Modern computer systems employ hierarchical memory designs that order storage devices in terms of access time and storage capacity. Cache memory systems are at the top of the hierarchy with the fastest access times and smallest storage capacities, such as shown in H. S. Stone, High-Performance Computer Architecture, Addison-Wesley (2d ed. 1990), pp. 29-87, the disclosure of which is hereby incorporated by reference. These are used to store the most frequently used sections of computer programs and data. Below these in the hierarchy, in order of decreasing access time and increasing storage capacity, are main memory and secondary storage. Memory caches are used to store two kinds of memory items staged from main memory: program instructions and data, the former of which is treated as read-only.
Cache memory systems are divided into two types: primary or level-1 caches, which are located on-chip as an integral part of the central processing unit (CPU), and secondary or level-2 caches, which are external to the CPU. Although providing faster access times, primary caches are of fixed storage capacity since size, power consumption and other engineering concerns with respect to the CPU can limit the primary cache design.
By contrast, since secondary caches are separate physical components from the CPU and are therefore not subject to such concerns, they can be increased in capacity by adding additional memory chips.
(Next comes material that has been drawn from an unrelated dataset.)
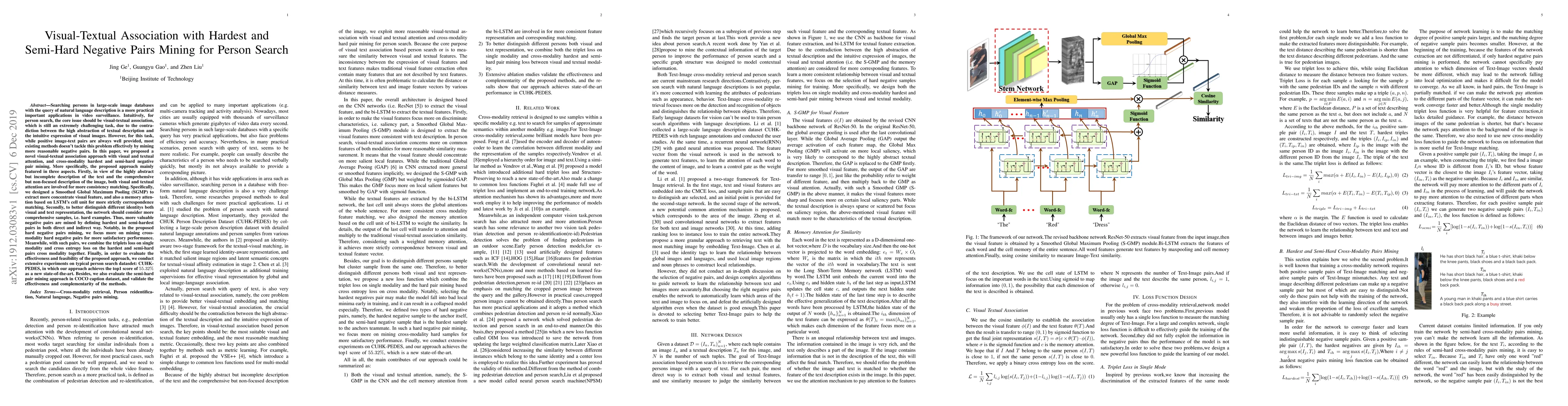 This paper proposes a novel visual-textual association method incorporating visual and textual attention, along with mining hardest and semi-hard negative pairs to improve person search in large-scale image databases. The approach achieves a state-of-the-art top1 score of 55.32% on the CUHK-PEDES dataset.

Typically, static random access memory (SRAM) chips are used since they provide faster access times than conventional dynamic random access memory (DRAM) chips.
The capacities of secondary memory caches are generally significantly smaller than that of main memory and cache tags must be used to identify the main memory locations to which each cache entry corresponds. Consequently, two separate entities of memory chips are used whereby an entity can be one or more discrete memory chips with one entity storing the staged memory items and the other entity storing the cache tags. Examples of secondary memory caches employing separate entities of memory chips to store staged memory items and cache tags are disclosed in U.S. Pat. No. 5,210,845 to Crawford et al.; U.S. Pat. No. 5,339,399 to Lee et al.; U.S. Pat. No. 5,239,603 and U.S. Pat. No. 5,228,134, both to MacWilliams et al.
Problems resulting from the use of separate memory array structures for storing staged memory items and cache tags are increased architectural complexity, increased manufacturing costs and decreased operational speed by virtue of additional components.